┌────────

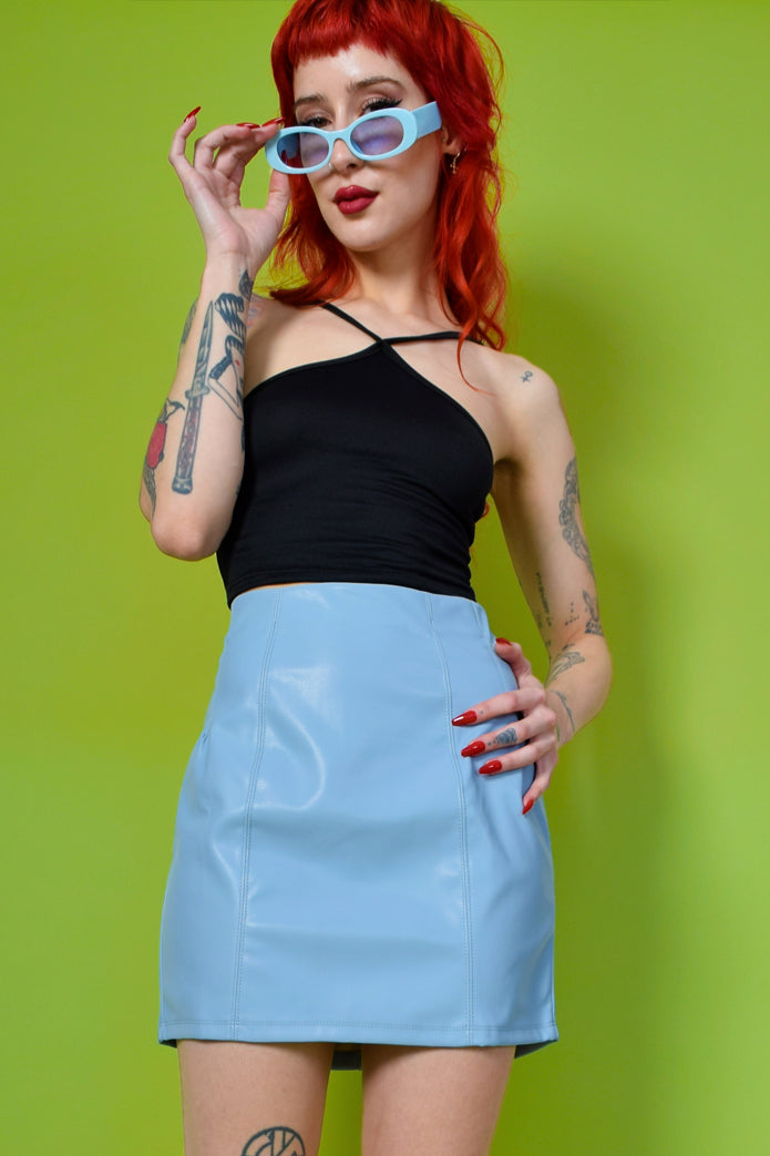 Love this easy to pair pleather skirt! Features a high-rise waist, princess seams, mini length, and back zipper closure.
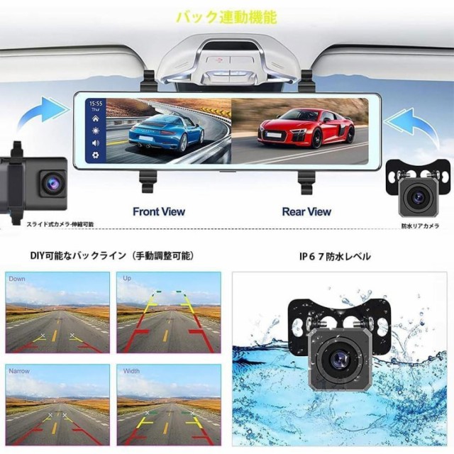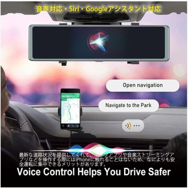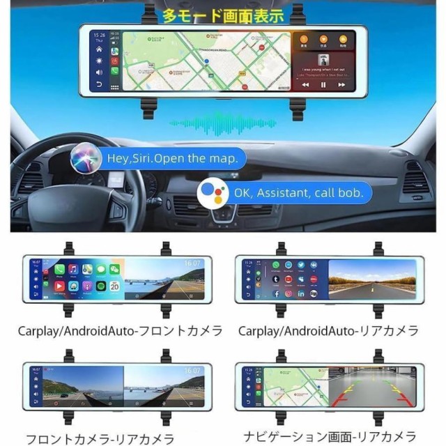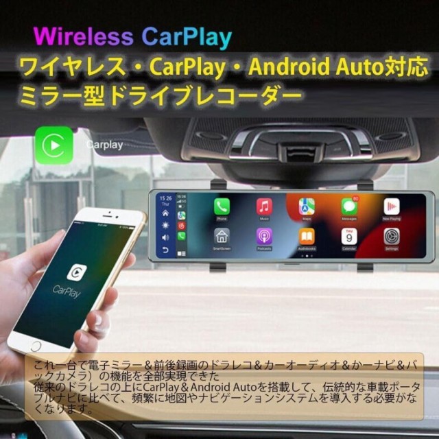 ミラー型ドライブレコーダー ワイヤレスCarplay AndroidAuto対応 12インチ大画面IPS液晶画面 ポータブルナビ 高画質 2カメラ同時録画 2.5K高画質
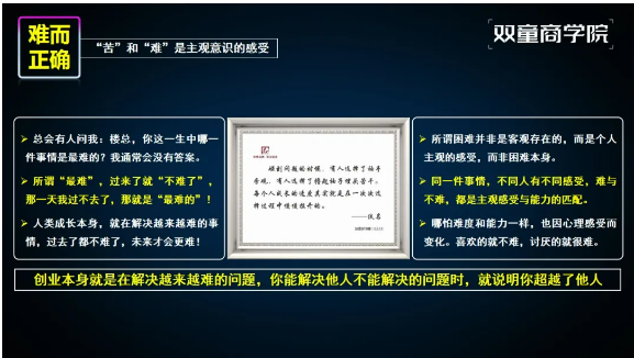 作為擁有47年創(chuàng)業(yè)史的創(chuàng)業(yè)老兵,樓仲平老師對于“苦難”始終有自己的觀點:他認(rèn)為困難并非是客觀存在的,而是個人主觀的感受,而非困難本身。創(chuàng)業(yè)本身就是在解決越來越難的問題,你能解決他人不能解決的問題時,就說明你超越了他人。
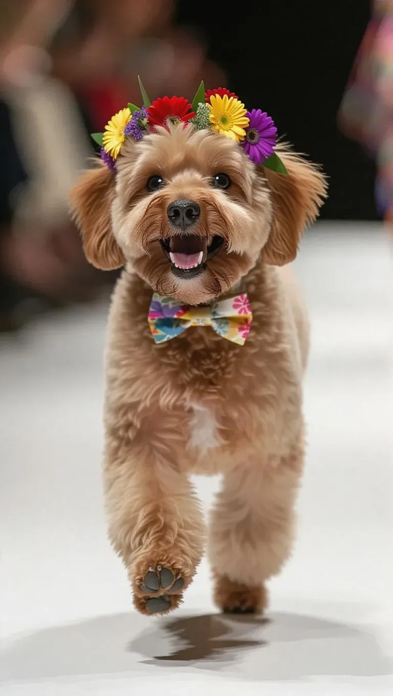 A fluffy dog prances down the runway, its fur bouncing with each step. It wears a floral garland on its head and a stylish bowtie, showcasing its chic personality. The dog's joyful barks and playful presence create a vibrant atmosphere.
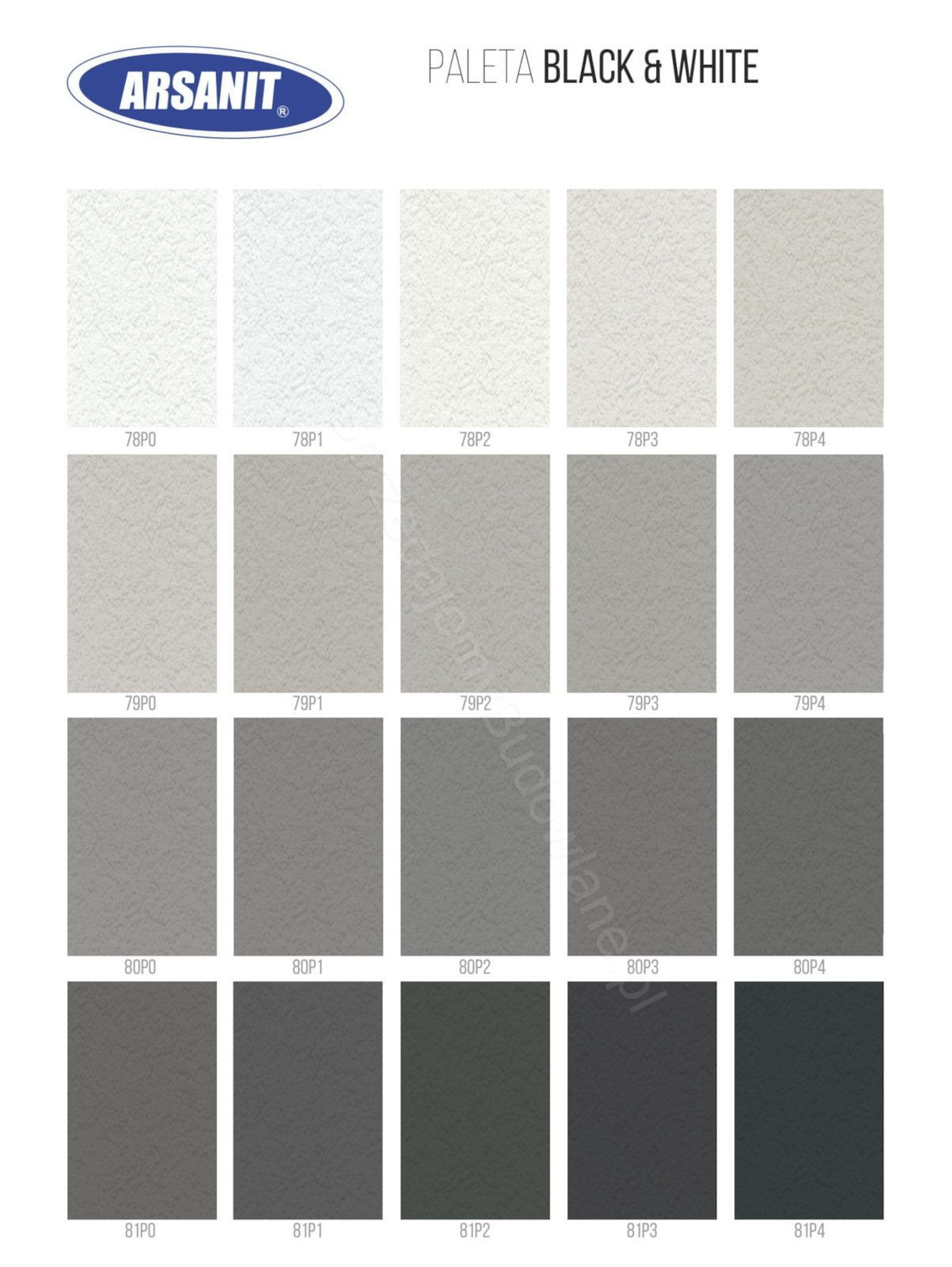 UWAGA: Prezentowane barwy należy traktować jedynie poglądowo, gdyż na ocenę koloru wpływ mają np. ustawienia monitora (wyświetlacza), oświetlenie zewnętrzne – dlatego sugerujemy, by ostatecznego wyboru dokonać korzystając ze wzornika lub tablicy, które prezentują rzeczywiste próbki koloru.
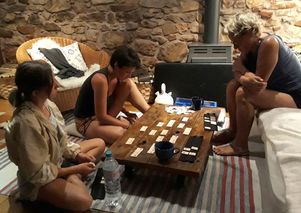 | Partie de Rummikub, jeu de société dont les règles sont très voisines du jeu de cartes du Rami |
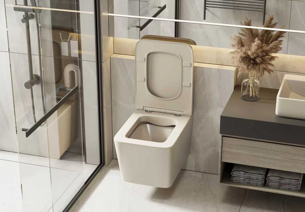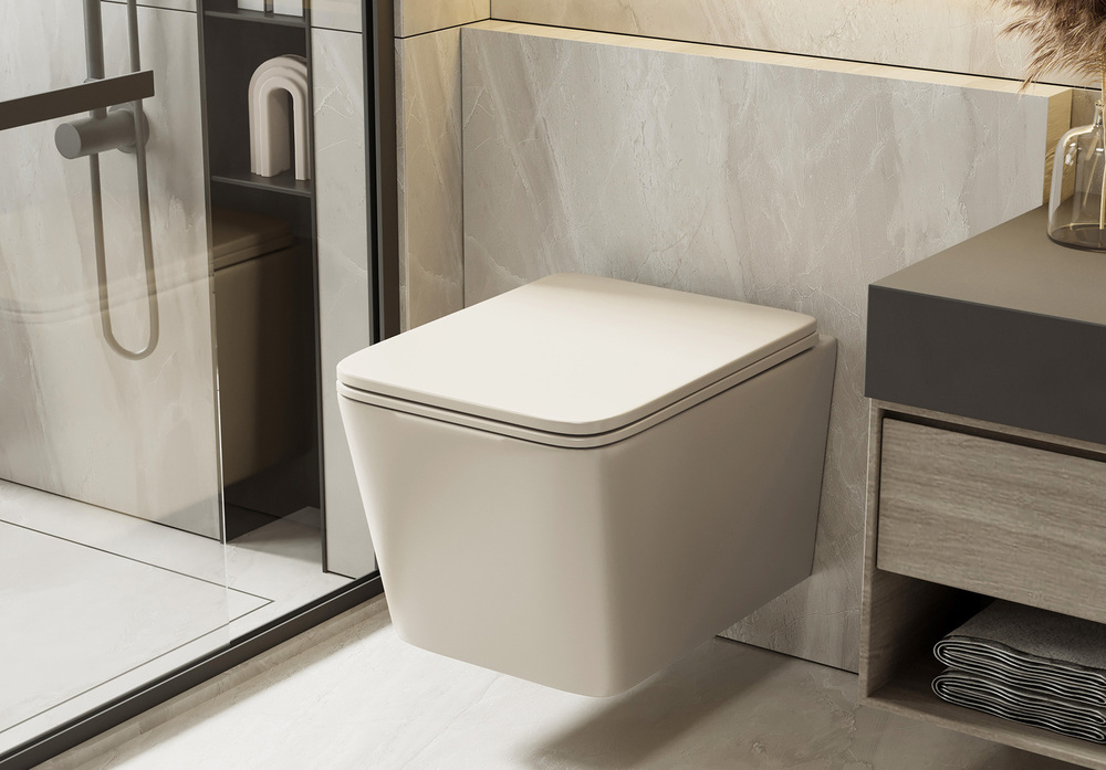 Унитаз ABBER Rechteck AC1201MBE подвесной светло-бежевый матовый, безободковый
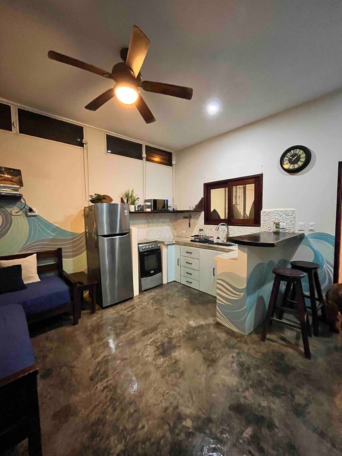 Acogedor estudio moderno para 2, a solo 50 m de la playa y a pocos pasos del Malecón. • Cama tamaño queen con sábanas limpias • Aire acondicionado y wifi rápido • Televisión inteligente para streaming • Cocina americana con nevera, fogones, cafetera, licuadora • Balcón compartido con vistas al mar y al atardecer • Ventanas que dan a la calle • Baño completo con ducha caliente Base perfecta para explorar San Juan del Sur a pie. Disfruta de un fácil acceso a todo desde esta base de operaciones perfectamente ubicada.
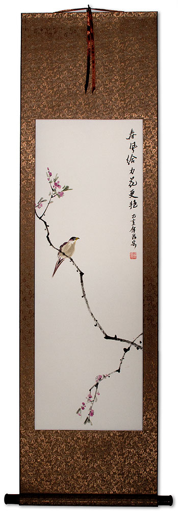 Close up view of the bird artwork mounted to this silk brocade wall scroll
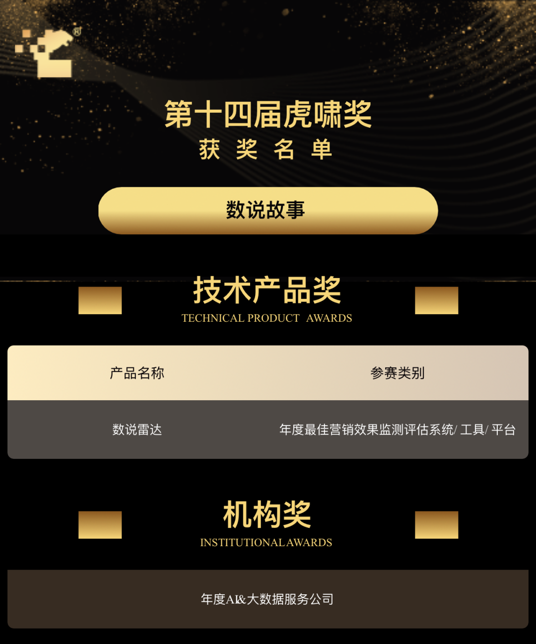 近年来,数说故事旗下数说雷达持续在各大社媒平台探索数字化营销,以更丰富的多媒体识别助力品牌做好社媒聆听,满足营销品牌的多元化场景需求,这也是数说雷达在本届虎啸奖唯一斩获“年度最佳营销效果监测评估系统/工具/平台”的关键所在。

└────────

§ **The task**:
With the pictures omitted, set down each line exactly, starting at the first line of the records above and ending with the line that contains "A fluffy dog".

§ **Output**:
 Love this easy to pair pleather skirt! Features a high-rise waist, princess seams, mini length, and back zipper closure.
 ミラー型ドライブレコーダー ワイヤレスCarplay AndroidAuto対応 12インチ大画面IPS液晶画面 ポータブルナビ 高画質 2カメラ同時録画 2.5K高画質
 作為擁有47年創(chuàng)業(yè)史的創(chuàng)業(yè)老兵,樓仲平老師對于“苦難”始終有自己的觀點:他認(rèn)為困難并非是客觀存在的,而是個人主觀的感受,而非困難本身。創(chuàng)業(yè)本身就是在解決越來越難的問題,你能解決他人不能解決的問題時,就說明你超越了他人。
 A fluffy dog prances down the runway, its fur bouncing with each step. It wears a floral garland on its head and a stylish bowtie, showcasing its chic personality. The dog's joyful barks and playful presence create a vibrant atmosphere.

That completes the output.